Reflections on kindergarten


Three weeks into school and I still think all day kindergarten is too much. I know why the schools doubled the length of the day for 5- and 6-year-olds. They say that if they don't have the kids all day they don't have enough time to prepare them for standardized tests, tests that they won't take until 3rd grade. I think there's a problem with any system that makes experts think a few extra hours a day when kids are 6 will give the school a leg up come testing time when the kids are 9 (because while the kids take the test, it's the school that passes or fails). Besides, I've seen no evidence that kids do fare better on tests if they go to kindergarten all day. But that's a debate for another post.

Educators say one of the benefits of all-day kindergarten is that it opens up some free time for the kids to explore and play, that in a half-day schedule all they had time for was worksheets and lessons.


Which is why at first I didn't believe Lena when she told me she wasn't going outside for recess, that instead they were "doing work." But when she told me several times that they didn't have recess, and her story never changed, I decided to ask her teacher about her schedule at the open house earlier this week. Lena's teacher pointed out that they have PE every morning, and she admitted that sometimes she is so busy with their work that she forgets to get the kids outside for their 15-minute afternoon recess.

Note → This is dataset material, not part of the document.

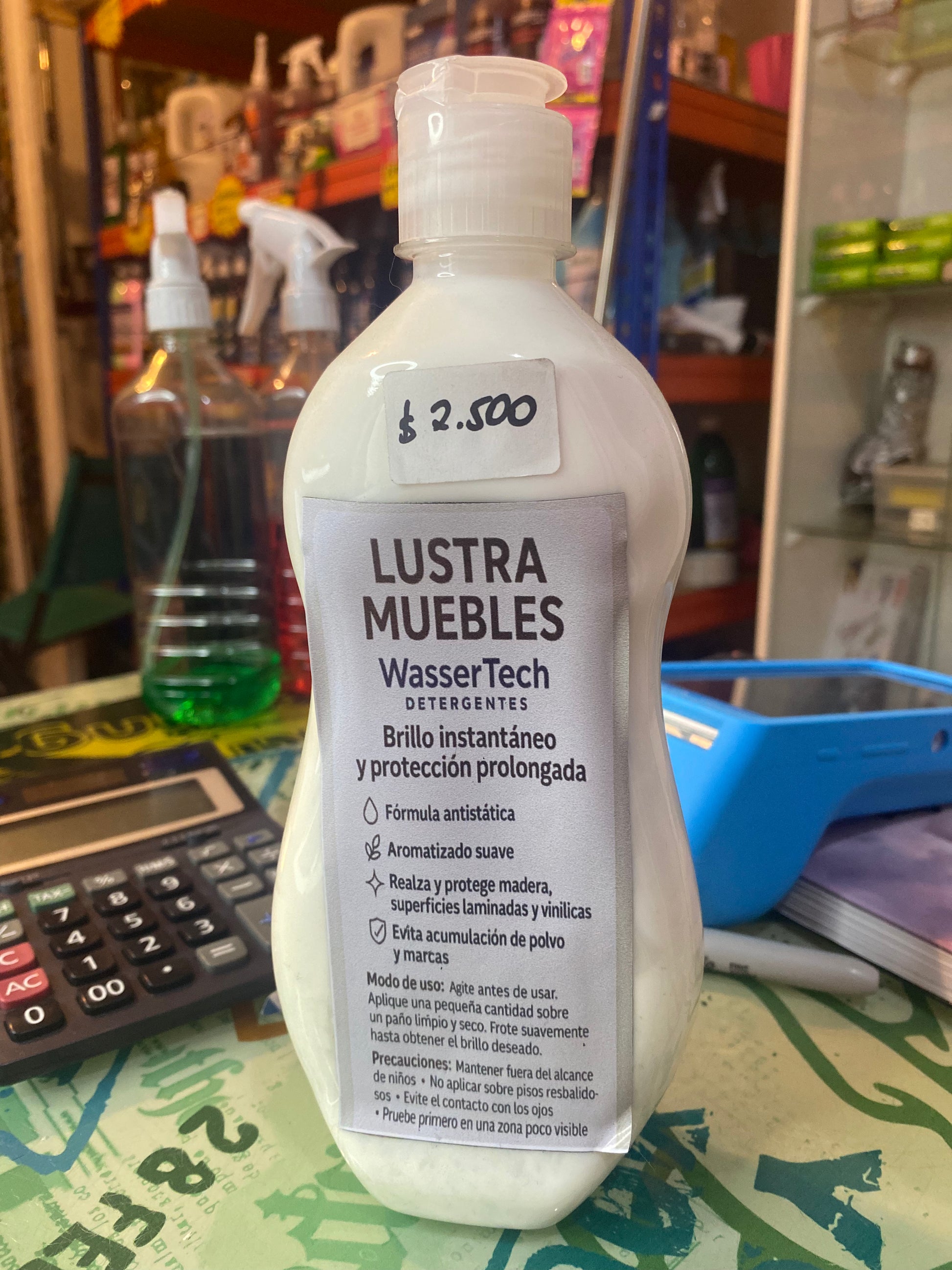 Lustra Muebles Wassertech, brillo y protección para tus muebles, limpia, renueva superficies de madera, cuero, plásticos y vinílicos. Repele el polvo y cuida con cada aplicación.

I think she could tell I was concerned. And the next day the kids did get their afternoon recess.

PE is fine and good. It's great for the kids to learn to play on a team, to take instruction from other adults, and running around is a great way for them to release their pent-up energy. But it's not the same as free play on the playground, when kids have to be creative in making up games, aned problem solve to make the rules. And since PE is in the beginning of the day, it doesn't help the kids with the energy they build up from lunch on.

And this isn't the first time I've been concerned about Lena's teacher, who is new this year to teaching kindergarten.

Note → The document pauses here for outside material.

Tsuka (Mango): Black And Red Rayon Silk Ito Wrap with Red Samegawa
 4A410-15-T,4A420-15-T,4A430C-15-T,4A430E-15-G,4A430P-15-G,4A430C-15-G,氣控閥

On Friday, in addition to sending her teacher a note, I told Lena's teacher that I would be picking her up at noon (of course I didn't tell her it was so we could go to the beach for the weekend).
"Thank you for bringing Elena for part of the day."
"Of course."
"She's such a delight to have in class."
"I'm glad to hear that."

That's where the conversation took a turn that concerned me. While she didn't actually say anything specific, she made it clear with her eyebrows and other gestures that while Lena was a delight to have in class, Niko would be just the opposite. I was so taken aback that I basically walked away and responded in some generic way over my shoulder. Now the day before Niko did have an incident where he "went to red" (they do dicipline on a green-yellow-red system, where you start at green, yellow is a warning and red is trouble). Luckily she's not Niko's main teacher (although since both classes meet in the same room the teachers share a lot), but to think she had already written him off eight days into the school year really made me mad.

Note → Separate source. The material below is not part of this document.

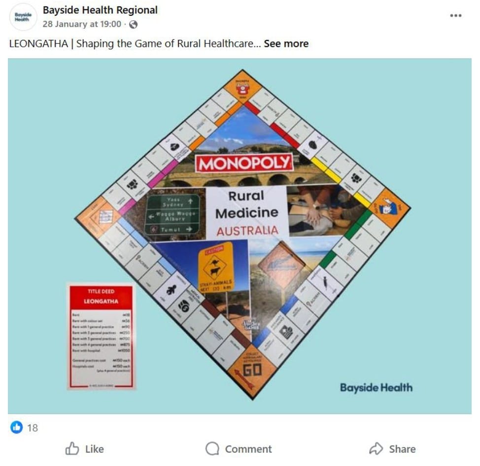 “Leongatha, shaping the game of rural healthcare, some places are landmarks, others shape the game. Of all rural health services across Australia, Leongatha made the Monopoly board,” says Bayside Regional Health in its cryptic message while posting a photo of the medicine Monopoly board on Facebook and Instagram.

Luckily, when I talked with Niko's teacher about his behavior, she had a very different approach.
"We're working with him on his behavior."
"Thank you."
"That's what we do."

And while I'm complaining, it seems Lena's teacher is forcing her to be E-lena. I'm not against her teaching Lena to spell and write her full name. But Lena has been having a bit of an identity crisis because her teacher is telling her she's someone other than she's been all her life. Would the teacher force Bill to be William? Luckily Nicholas' teacher is cool with Niko.